In this investigation, ultrasound combined with ice-massage contrast was not statistically different from ice massage alone in terms of patient-rated knee-pain relief or improvement in quadriceps and hamstring strength. In other words, even though ultrasound is widely used for knee pain, such treatments have not been scientifically validated.

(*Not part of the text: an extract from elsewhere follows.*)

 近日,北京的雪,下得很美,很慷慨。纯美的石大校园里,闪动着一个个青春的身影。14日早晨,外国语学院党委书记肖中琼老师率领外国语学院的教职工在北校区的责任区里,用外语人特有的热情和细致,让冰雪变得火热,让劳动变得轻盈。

If you are a big fan of ultrasound and/or heat therapy, we do have some slightly better news for you at this point: there is positive evidence about ultrasound’s ability to promote the repair of fractured bones. For example, in very recent research carried out at the Institute of Biomedical Engineering at Chung-Yuan Christian University in Taiwan, scientists divided 45 adult New Zealand White rabbits with uniformly fractured fibulas into control, microwave-treated, and ultrasound-stimulation groups (8). After ultrasound stimulation, new bone formation at the fracture site was 23 to 36% faster, compared with the sham-treated bone; in addition, torsional stiffness of the ultrasound limb was up to 80% greater than the stiffness of the ultrasound-free bone. Meanwhile, the microwave-hyperthermia treatment was unable to produce statistically significant improvements in bone healing or strength. It would be nice to close on that positive note, but we feel compelled to offer you a few more hot items. As you are well aware, heat is a popular treatment for individuals suffering from arthritis, and rheumatoid-arthritis patients often report that heat palliates their symptoms and improves range of motion at troubled joints. Searching for a scientific basis for these beliefs, the University of Ottawa team completed yet another database exploration(9). Again, they were hampered by the poor quality of published research in this area, but they did find seven studies with 328 subjects which met their inclusion criteria. Their extensive review determined that there was no significant effect of hot- and ice-pack applications, cryotherapy, or faradic baths on objective measures of rheumatoid-arthritis disease activity, including joint swelling, pain, medication intake, range of motion, grip strength, or hand function. In addition, therapeutic ultrasound was found to be no better than the application of wax to battered joints, and there was no difference in patient preference for various types of thermotherapy. 94% of patients, however, preferred heat therapy to no therapy at all, and the researchers concluded that superficial moist heat and cryotherapy could be utilised by rheumatoid-arthritis victims to help them gloss over their symptoms. There was also some evidence that paraffin-wax baths, combined with exercises, might produce beneficial short-term effects in arthritic hands.
The bottom line? Don’t get overheated by our comments, but if you are a heat-therapy zealot, we cannot provide much scientific support for your practices.